Emergency Department

If you are experiencing an emergency dial - 111

Timaru Hospital’s Emergency Department is an increasingly busy place. A significant proportion of these attendances are by people who could be seen and treated by a general practitioner (GP) or after-hours doctor. The result can be longer waiting times in some instances for some people, an often frustrating and anxious experience.

How do I know if my condition is serious?

When in doubt ring your GP to describe your symptoms and seek advice. Or call the 24-hour HealthLine 0800 611 116. You can also find out more about where to go when you aren't feeling well here.

Why do I have to wait?

The length of wait depends on how urgent your problem is: people with more serious problems have priority over people with less urgent conditions. You also may wait for other reasons, such as:

  • Patients who have arrived by ambulance being admitted to ED.
  • Treatment to be given.
  • X-rays to be taken and/or read by a radiologist.
  • Lab tests to be done and/or lab results to be available.
  • A specialist to be contacted.
  • Seeing how you respond to initial treatment.
  • Time to arrange a bed for your admission, if required.

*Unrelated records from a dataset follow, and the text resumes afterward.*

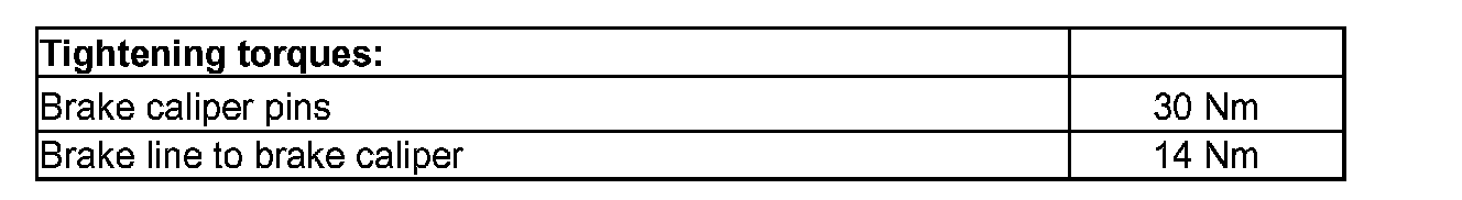 Work procedure applies only for replacing or when performing subsequent service work on brake caliper.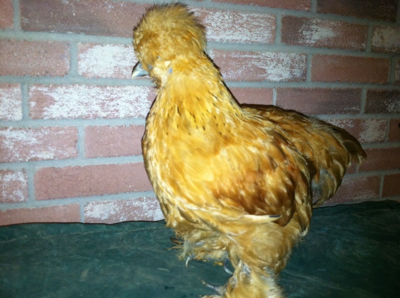 All the way home I kept thinking I should have brought some males with me to give you. If you want, I can put a couple on the side and hold them for you. One to breed to your Silkies (he will look just like the hens you just got) and a smooth to breed to your new Sizzles. I have the perfect smooth to go with that buff hen, lol!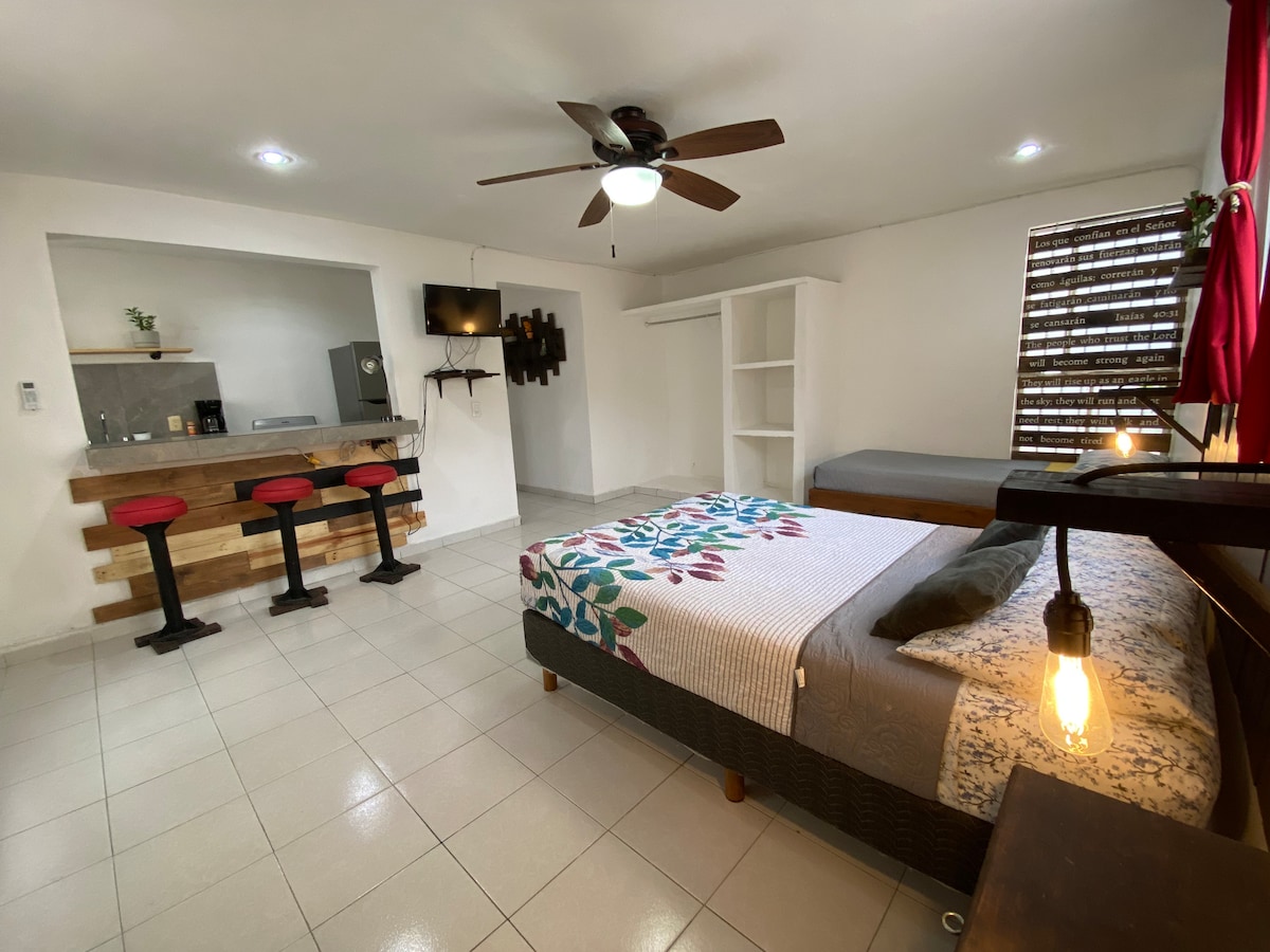 Este pequeño estudio con cocineta es perfecto para 1 o 2 viajeros que busquen experimentar la vida local de Cancún y alrededores. Ubicado en el corazón de Cancún en uno de los primeros barrios de esta joven ciudad. IMPORTANTE!! Hay un impuesto local (Saneamiento) el cual deberá ser pagado al momento de la llegada o salida, $79 pesos por noche, Pago en efectivo o con tarjeta por medio de airbnb.

It’s not possible to predict when the Emergency Department will be busy, but be assured that staff are working hard to ensure those requiring immediate or urgent attention are seen as quickly as possible and given the best care possible.

What happens when I arrive at the Emergency Department?

When you arrive at Timaru Hospital’s Emergency Department, a registered nurse will assess your illness or injury and then prioritise your condition to ensure you receive the right care at the right time. This triage system means that patients in most urgent need are given priority. In some cases the nurse may suggest that you see your GP or an after-hours doctor if you do not require emergency treatment.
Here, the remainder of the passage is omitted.